To All Readers:
Hankyu REIT is pleased to have been able to make progress in all aspects of external growth, internal growth as well as finance over the past year.
First to note is the enhancement of portfolio quality. With transfer of two properties generating low yields and new acquisition of two properties, the average yield improved and depreciated properties decreased. Out of the properties acquired, one had been developed by the sponsor and the other was acquired on a negotiation basis, enabling us to pursue acquisition emphasizing fair value without being fanned by ongoing rather heated real estate market trends.
In terms of internal growth, the occupancy rate of Sphere Tower Tennozu, which had been our concern, has improved to 88.1%. We are also continuing to implement tenant replacement and upward rent revisions for other properties that we own.
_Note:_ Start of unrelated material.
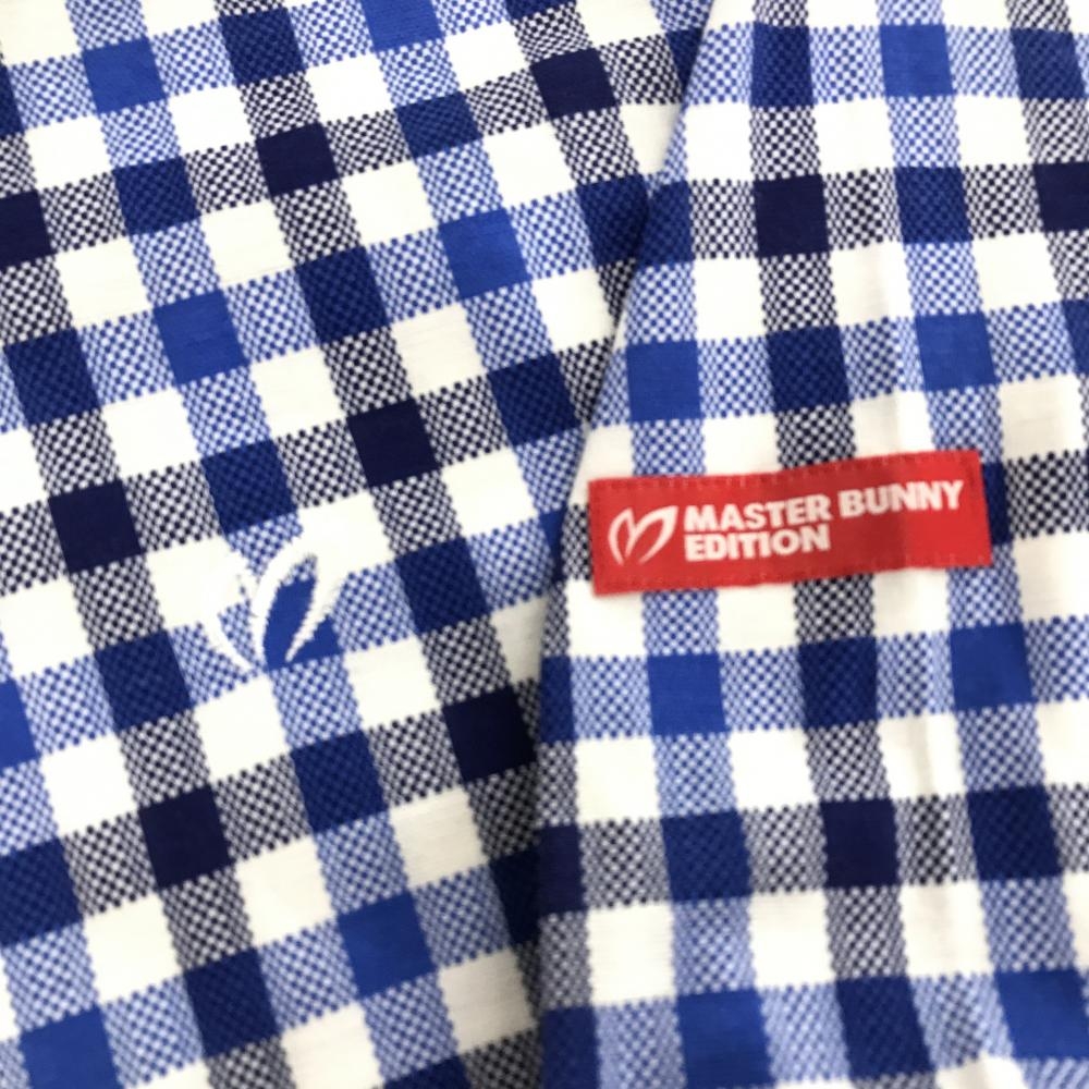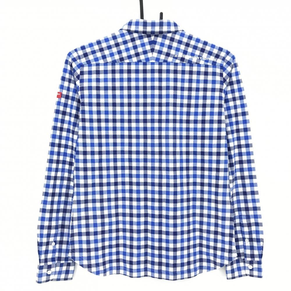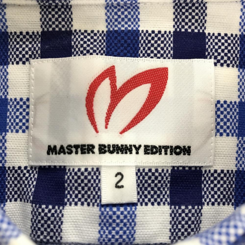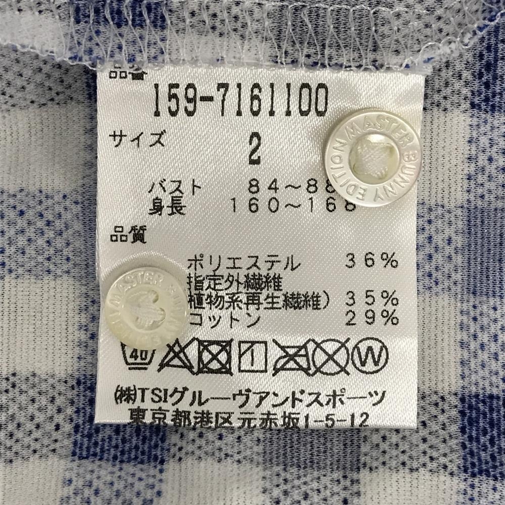 【美品】マスターバニー 長袖シャツ 白×ネイビー×ブルー チェック 胸ロゴ レディース 2(L) ゴルフウェア MASTER BUNNY EDITION

In terms of finance, we have realized a more stable financial standing through reduction of fund procurement costs, extension of borrowing periods and diversification of debt repayment dates.
Unpredictable movements, such as BREXIT (the U.K. withdrawal from the EU) and the U.S. presidential election, are seen throughout the world.
We announced the financial results for the 23rd fiscal period (fiscal period ended November 2016) on January 24. Distribution per unit of 2,626 yen (up 0.2% from the forecast) was posted as an actual amount.
We will strive to meet the expectations of our unitholders.